Capítulo
1: El Dios de toda consolación
Al
considerar los primeros versículos de este capítulo conviene llevar en mente
que algunos se oponían a Pablo, y esta circunstancia realza la hermosa ternura
del saludo que manda. Hará mención de sus aflicciones, pero comienza con
“bendito” y reconoce que viene de Dios el consuelo que tiene.
Sus
sufrimientos le han traído una revelación nueva de Dios expresada en un Nombre
nuevo, uno que es maravilloso en su ternura: “Padre de misericordias y Dios de
toda consolación”. Él es el originador de todas las misericordias, la fuente de
donde fluyen.

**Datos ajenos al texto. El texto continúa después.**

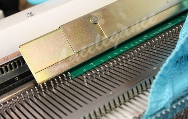 Теперь возьмите линейку от вязальной машины и положите ее на заднюю фонтуру между рельсом и рабочими иглами слева от себя (рельс закрыт, чтобы масло не попало на полочку).
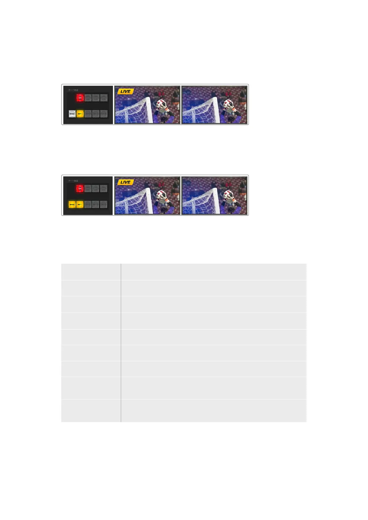 在本例中,该键处于直播状态,正如软件控制面板上亮起的ON AIR下一个转场按钮所提示的状态。BKGD

Es “el Padre de las luces”, Santiago 1.17; “las misericordias de
Dios”, Romanos 12.1; “el Padre de los espíritus”, Hebreos 12.9; “el Padre de
gloria”, Efesios 1.17. Si hay una misericordia, Él es su Padre, cualquiera que
sea. Es a la vez el Padre de toda consolación, y tiene el buen ánimo y consuelo
que el amor puede impartir a un ser amado al llenar su más íntima necesidad.
Pablo
hace mención de las misericordias y la consolación antes de hablar de la
aflicción, pero en toda ocasión cuando había estado afligido, fue sostenido por
la mano de Dios, y de ella derivó bendiciones. ¿Bendiciones? Sí, y no la menor
de ellas la oportunidad de extender simpatía a otros, fruto de la simpatía
divina que él mismo había recibido. Tenía no sólo una revelación nueva de parte
de Dios, sino también un poder nuevo para consolar a otros, y sus contratiempos
añadían a su utilidad en el servicio del Señor.
Es
solamente en la medida que de buena gana se aprenda y se acepte el reproche de
Cristo que el sufrimiento está absorbido por su consolación, v. 5. Con todo, lo
que le tocó a Pablo en el servicio de Cristo fue para el bien de los corintios,
y él veía las aflicciones de ellos como un testimonio de que compartían su
consuelo. No quería que ignoraran lo que había sufrido, ya que le permitía
manifestar cuán profundo era su cuidado por ellos. Su tribulación le había
enseñado a Pablo una confianza inconmovible en Dios, vv 9, 10. ¡Estaría con él
en toda y cualquiera circunstancia el Dios que podía conducirle a través de la
tribulación en Asia, v. 8!
En cuanto al hecho de
que no les había visitado, él tenía buena conciencia, vv 12 al 14. Además, era
hombre de ciertas convicciones, vv 15 al 24. Sus decisiones no eran “según la
carne”; su mensaje era definitivo, y la razón por su ausencia era la del v. 23.
Como siempre, su amor por ellos gobernaba su actuación.